Since each element of the result column is a list with a single data frame inside, we simply extract that single element with brackets [[1]]:
dat[, result[[1]], by=Region] Region term estimate std.error statistic p.value
<char> <char> <num> <num> <num> <num>
1: E (Intercept) 3459.20615 1698.35697 2.0367957 5.972055e-02
2: E Clergy 43.73143 43.82991 0.9977531 3.342234e-01
3: N (Intercept) 12616.59395 2708.68810 4.6578246 3.094474e-04
4: N Clergy -110.73145 53.52470 -2.0687918 5.625602e-02
5: C (Intercept) 1906.38003 1719.96865 1.1083807 2.851535e-01
6: C Clergy 107.24137 29.71992 3.6083997 2.580823e-03
7: S (Intercept) 4792.87834 869.71107 5.5108857 5.982135e-05
8: S Clergy -38.62128 21.94008 -1.7603077 9.872506e-02
9: W (Intercept) 4646.24822 4255.84350 1.0917338 2.921758e-01
10: W Clergy 91.10633 70.12076 1.2992775 2.134648e-01
11: (Intercept) 37015.00000 NaN NaN NaN
12: Clergy NA NA NA NA
Putting everything together, we have:
# Nest
dat = dat[, list(data=list(.SD)), by=Region]
# Operations
dat[, model := lapply(data, function(x) lm(Donations ~ Clergy, x))]
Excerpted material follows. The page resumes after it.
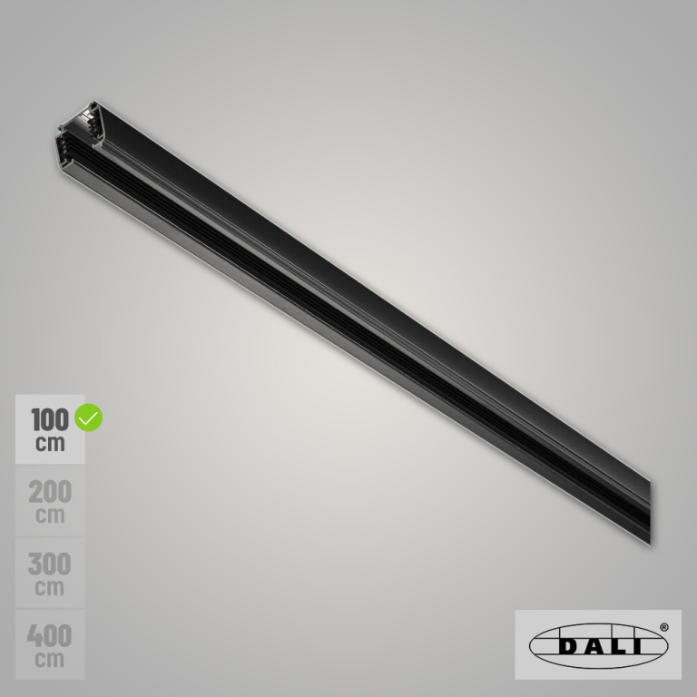 Das SLV 3-Phasen DALI System wird von der S-TRACK DALI Schiene in schwarz mit einer Länge von 100 cm vervollständigt.
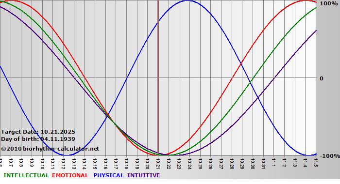 Your biorhythm above the horizontal line indicates that your capacity in that area is enhanced; you feel stronger, more alert, more connected, more empathetic. These are times when you are able to do more, be more, enjoy more. When the biorhythm lines are below 0%, your capacity is diminished, and conservative behavior is recommended.

dat[, result := lapply(model, tidy)]
# Unnest
dat[, result[[1]], by=Region]tidyverse
The same result can be achieved in a tidyverse style:
dat <- "https://vincentarelbundock.github.io/Rdatasets/csv/HistData/Guerry.csv" %>%
read_csv %>%
drop_na %>%
nest_by(Region) %>%
mutate(model = list(lm(Donations ~ Clergy, data)),
result = list(tidy(model))) %>%
unnest(result)
dat# A tibble: 10 × 8
# Groups: Region [5]
Region data model term estimate std.error statistic p.value
<chr> <list<tibble[,23]>> <list> <chr> <dbl> <dbl> <dbl> <dbl>
1 C [17 × 23] <lm> (Inte… 1906. 1720. 1.11 2.85e-1
2 C [17 × 23] <lm> Clergy 107. 29.7 3.61 2.58e-3
3 E [17 × 23] <lm> (Inte… 3459. 1698. 2.04 5.97e-2
4 E [17 × 23] <lm> Clergy 43.7 43.8 0.998 3.34e-1
5 N [17 × 23] <lm> (Inte… 12617. 2709. 4.66 3.09e-4
6 N [17 × 23] <lm> Clergy -111. 53.5 -2.07 5.63e-2
7 S [17 × 23] <lm> (Inte… 4793. 870. 5.51 5.98e-5
8 S [17 × 23] <lm> Clergy -38.6 21.9 -1.76 9.87e-2
9 W [17 × 23] <lm> (Inte… 4646. 4256. 1.09 2.92e-1
10 W [17 × 23] <lm> Clergy 91.1 70.1 1.30 2.13e-1
Benchmarking
Admittedly, benchmarks are pretty useless in this context, because unnesting is unlikely to be your major bottleneck unless you are dealing with a ton of subgroups. Still, it is interesting to note that unnesting data.table is about 8x faster than tidyverse in my naive tests:
fit = function(k) lm(y ~ x, k)
dat_dt = data.table(group=sample(1:5000, 1e4, replace=TRUE),
y=rnorm(1e4),
x=rnorm(1e4))
dat_dt = dat_dt[, .(data=.(.SD)), by=group][
, model := lapply(data, fit)][
, result := lapply(model, tidy)]
dat_tb = tibble(dat_dt)
unnest_dt = function() {
dat_dt[, result[[1L]], by=group][dat_dt, on='group']
}
unnest_tb = function() {
dat_dt %>% unnest(result)
}
microbenchmark(unnest_dt(), unnest_tb(), times=5)Unit: milliseconds
expr min lq mean median uq max neval
unnest_dt() 4.744702 4.941496 6.315508 5.042935 7.144489 9.703919 5
unnest_tb() 15.745042 16.043001 16.784949 16.473661 16.591763 19.071277 5
cld
a
b
Note that in the code above, I merged the original dataset back into data.table for a fairer comparison (tidyr::unnest returns all the original data).